4. Managing competing priorities  

This becomes harder when consumer protection requirements increase in complexity and scope. Your enterprise risk team has finite resources. You're also managing prudential risk, operational resilience, financial crime prevention and numerous other regulatory obligations. How do you ensure consumer protection receives appropriate attention without neglecting other critical risk areas? 

This requires strong governance to prioritise risk activities based on: 

• Regulatory expectations and risk materiality 
• Clear articulation of resource constraints to senior leadership 
• Realistic scoping of assurance programmes that test the most important areas rather than attempting comprehensive coverage 
• Effective use of thematic reviews that address multiple regulatory requirements simultaneously 

What successful compliance with Consumer Duty, FG21/1 and ECCA looks like 

Firms that excel at managing the new consumer protection landscape share several common characteristics that enterprise risk teams can emulate. 

They treat consumer outcomes as a core strategic priority rather than a compliance obligation.  

Board papers routinely discuss customer outcome metrics alongside financial performance. Senior leaders ask questions about whether customers are achieving good outcomes, not just whether policies are being followed. This tone from the top makes the enterprise risk team's job significantly easier because the whole organisation understands that consumer protection matters. 

They build sophisticated data and analytics capabilities that provide genuine insight into customer outcomes.  

They don't rely on crude proxies but instead develop nuanced measures that capture whether different customer segments achieve their financial objectives. They use advanced analytics to identify patterns and trends that might indicate emerging harm. They create visualisations that make outcome data accessible to business leaders who need to act on it. 

They cultivate genuine collaboration between risk, compliance and operational functions.  

Enterprise risk teams operate as strategic partners who help the business understand regulatory requirements and implement practical solutions, not as compliance enforcers who issue mandates and check boxes. Operational colleagues see the risk function as a resource that helps them do their jobs better rather than an obstacle creating bureaucratic burden. 

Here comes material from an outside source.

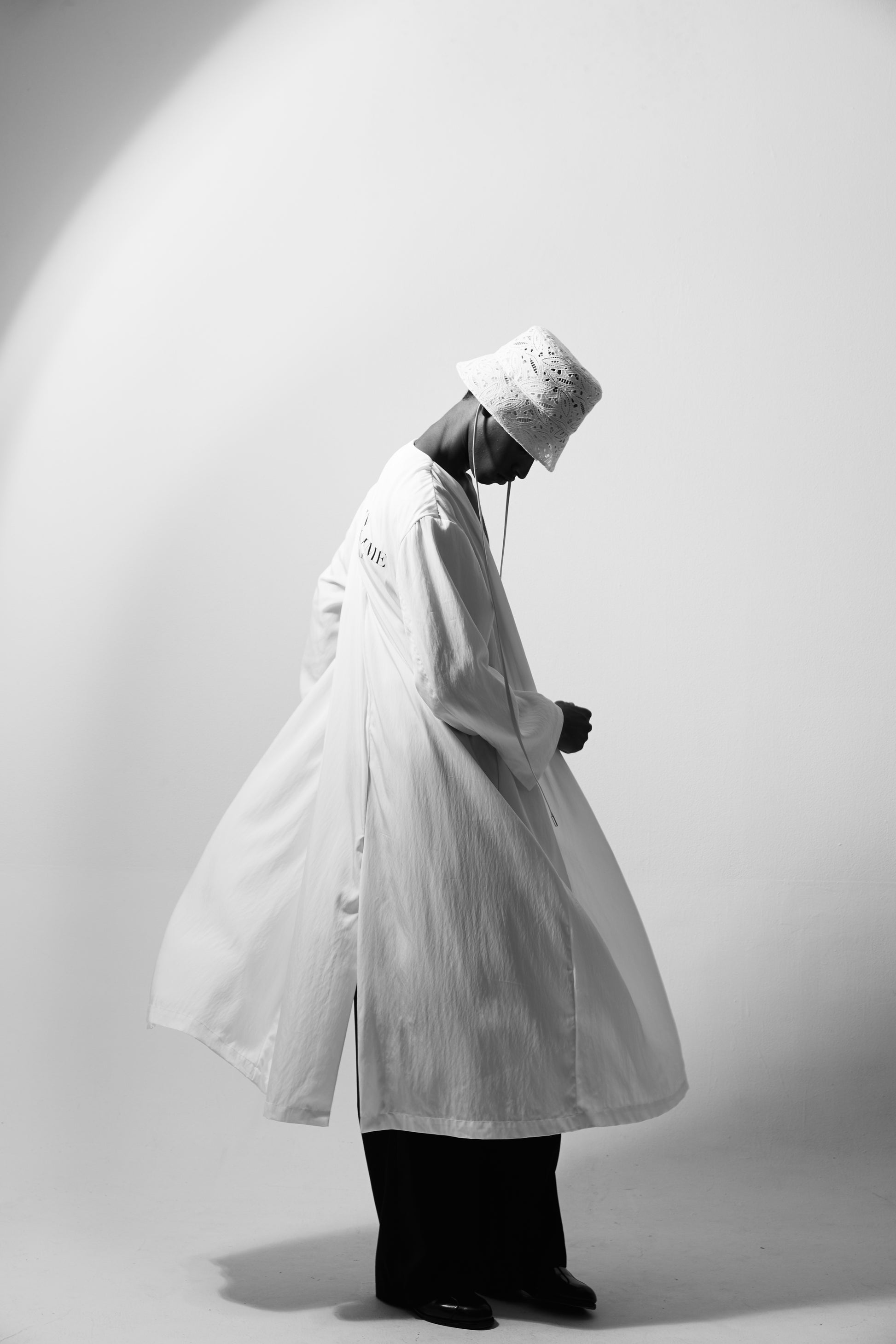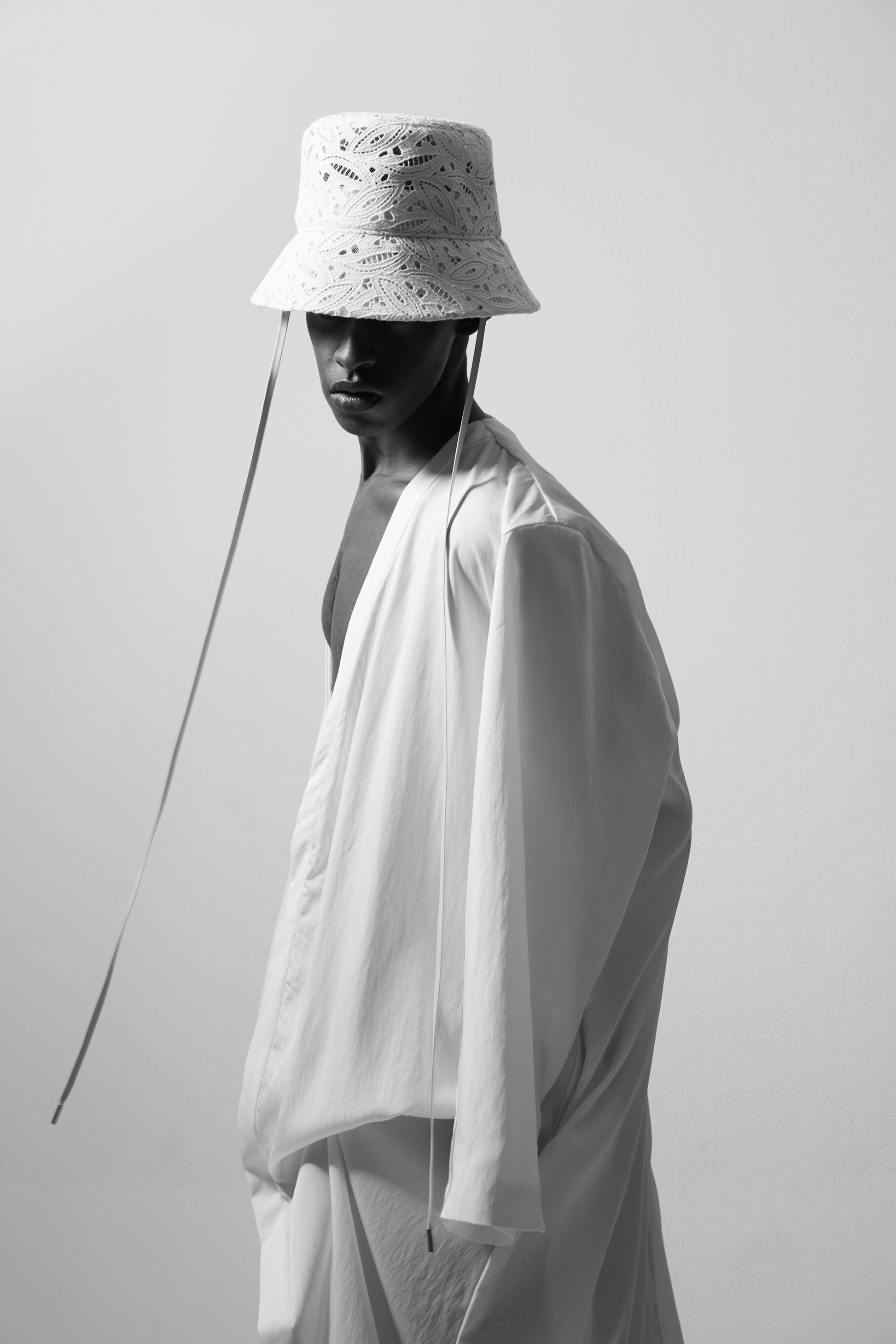幾何学模様を彷彿とさせるリーフ柄のオリジナルレース生地を使用し、バケットハットに落とし込んだ一品。繊細なレースの美しさと、構築的で美しいフォルムが調和し、大人の装いにふさわしいラグジュアリーな印象に仕上げました。甘くなりがちなレース素材も、取り外し可能なレザーコードが程よく引き締め、洗練されたムードを演出します。

They maintain proportionate approaches that focus resources on areas of greatest customer harm potential.  

They don't attempt to test everything but instead conduct sophisticated risk assessments that identify where poor outcomes are most likely. They invest deeply in high-risk areas while applying lighter-touch monitoring elsewhere. This pragmatism ensures they can actually complete meaningful assurance activity rather than spreading resources too thinly to generate real insight. 

They embrace continuous improvement rather than treating regulatory compliance as a fixed target.  

When assurance testing identifies issues, they're addressed through root cause analysis and systematic remediation rather than quick fixes. When outcome data shows deterioration, they investigate why and implement changes rather than explaining it away. This learning culture means they genuinely improve consumer protection over time rather than simply maintaining compliance. 

Practical risk management approaches for compliance 

Consumer Duty, vulnerable customer guidance and economic crime requirements collectively define what regulators expect. The challenge for enterprise risk teams is translating those expectations into practical risk management approaches that genuinely improve outcomes for customers whilst providing assurance that regulatory obligations are being met. Firms that rise to this challenge will find themselves better positioned not just for regulatory inspections, but for sustainable commercial success in an environment where consumer protection is rightly taking centre stage.